IN PRACTICE: Detecting ‘problem device’ at SD-WAN provider’s PoP by
Justin Tiearney December 4, 2018
IN PRACTICE | This article is part of a series of posts sharing examples of how AppNeta users have leveraged the service to solve performance problems.
Continuous, real-time visibility into the condition of the core network is crucial to ensure consistent performance for end users. Without network visibility, problems may go undetected until they are severe enough to negatively impact end users. When issues are finally reported, a lack of visibility will make diagnosing the cause that much harder. Avoiding this outcome is one of the main reasons customers implement AppNeta Performance Manager.
To understand network performance and mitigate issues, we need to:
- Gain real-time visibility into the network’s performance
- Observe performance over time and identify anomalous behavior
- Drill in to narrow down the root cause
- Compare results against other paths to validate and build a convincing case
- Provide evidence to the team responsible for the culprit device
- Compare performance before and after the fix to verify improved performance
Let’s take a look at an example of how AppNeta recently worked with an SD-WAN provider to identify an issue at one of their Points of Presence (PoPs) and the specific device causing a bottleneck.
1. Gain visibility
AppNeta Monitoring Points were deployed into each of the SD-WAN provider’s PoPs in a network stack that routed their end customer traffic through a public interface. We then monitored the performance of the network segment commonly used by customers to access the SD-WAN service by creating network paths in Delivery from the PoP’s monitoring point to the external IP interface.
2. Observe behavior
AppNeta accurately measures a network path’s total and utilized capacity without impacting network performance. At one of the provider’s PoPs with a 10g link, AppNeta Performance Manager reported less than 500 Mbps total capacity consistently over a series of several days and extreme spikes in round trip time (RTT) during peak business hours.
3. Narrow down cause
Once monitoring, alert profiles are used to define what to consider acceptable performance thresholds. Automatic diagnostic tests run on this path each time a condition in the alert profile is violated. The diagnostic detects high utilization at the very first hop on the path indicating it as the likely bottleneck. But before we make assumptions, we should gather more evidence.

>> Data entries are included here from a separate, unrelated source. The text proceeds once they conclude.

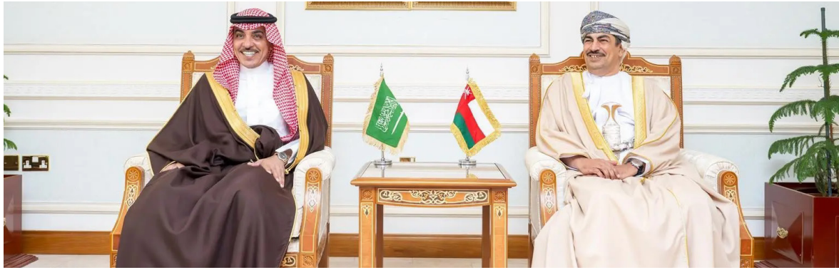
الدوسري لدى لقائه وزير الإعلام العماني

وعقد خلال الزيارة جلسة مباحثات مع المسؤولين في سلطنة عُمان، تناولت سبل تعزيز التعاون الإعلامي، وتبادل الخبرات، وتطوير الشراكات بين المؤسسات الإعلامية في البلدين الشقيقين. كما التقى وزير الإعلام عددًا من رؤساء التحرير والصحفيين العُمانيين، وأطلع على أبرز التجارب والخبرات العُمانية في مجالات الإعلام والاتصال، وبحث فرص الاستفادة منها في دعم المبادرات الإعلامية المشتركة. وأكد الوزير سلمان الدوسري خلال اللقاءات عمق العلاقات الأخوية والتاريخية، التي تجمع المملكة العربية السعودية وسلطنة عُمان، مشيرًا إلى الدور المحوري للإعلام في تعزيز هذه العلاقات، وتطوير التعاون في مختلف المجالات الإعلامية، بما يحقق تطلعات قيادتي البلدين وشعبيهما الشقيقين.
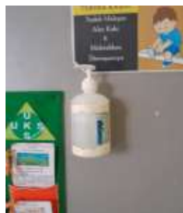
Gambar 4.9 Handsanitizer UKS TK Negeri Idaman Banjarbaru

Sebelum melaksanakan berbagai kegiatan, petugas UKS akan menyambut anak-anak dan guru yang akan melakukan kunjungan di UKS. Sebelum memulai kegiatan di UKS, anak-anak terlebih dahulu membersihkan tangan menggunakan Handsanitizer dan petugas UKS akan mengisi absen nama-nama anak yang berkunjung.
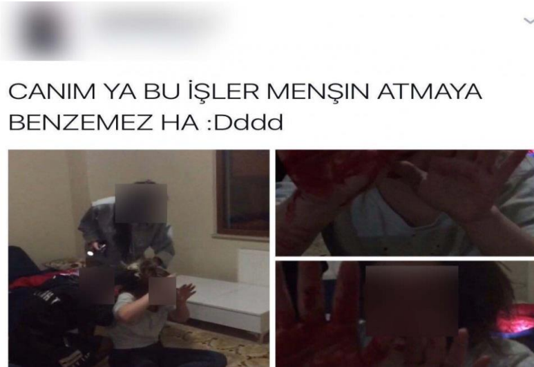
Şekil 2.Kavga sonrası darp eden öğrencilerden birinin sosyal medya hesabından yaptığı paylaşım.
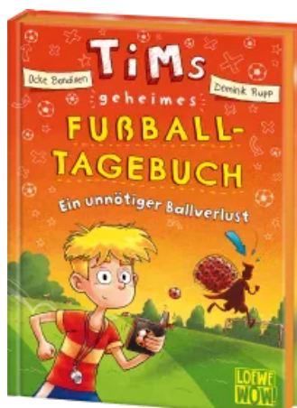
Tims geheimes Fußball- Tagebuch (Band 2) - Ein unnötiger Ballverlust Hardcover

4. Collect supporting evidence
A second path is set up in AppNeta Performance Manager to the same target that bypasses the suspected problem router. Sure enough, round trip time is down to the expected sub-millisecond and total capacity is higher.
5. Provide data to the team responsible for bottleneck device
To build a strong case for the network engineers responsible for the router, we provided the identity of the specific router, results of several diagnostic tests showing expected performance at other PoPs and sub-par performance at the PoP in question. Results from the bypass path are provided.
6. Compare before and after the fix to confirm improved performance
Engineers were able to improve performance on the problem router, which was reflected in AppNeta Performance Manager. Round trip time on the original path is now below 1 ms and capacity has increased to 1500 Mbps. The engineering team is working to further optimize infrastructure capacity.
Unbeknownst to the SD-WAN vendor, this routing device caused a significant performance impact for any customer connected to one of their data centers. Gaining continuous real-time visibility into the performance of their core network with AppNeta enabled the network team to detect anomalous behavior, narrow down the likely root cause, and provide evidence to the team responsible for the fix.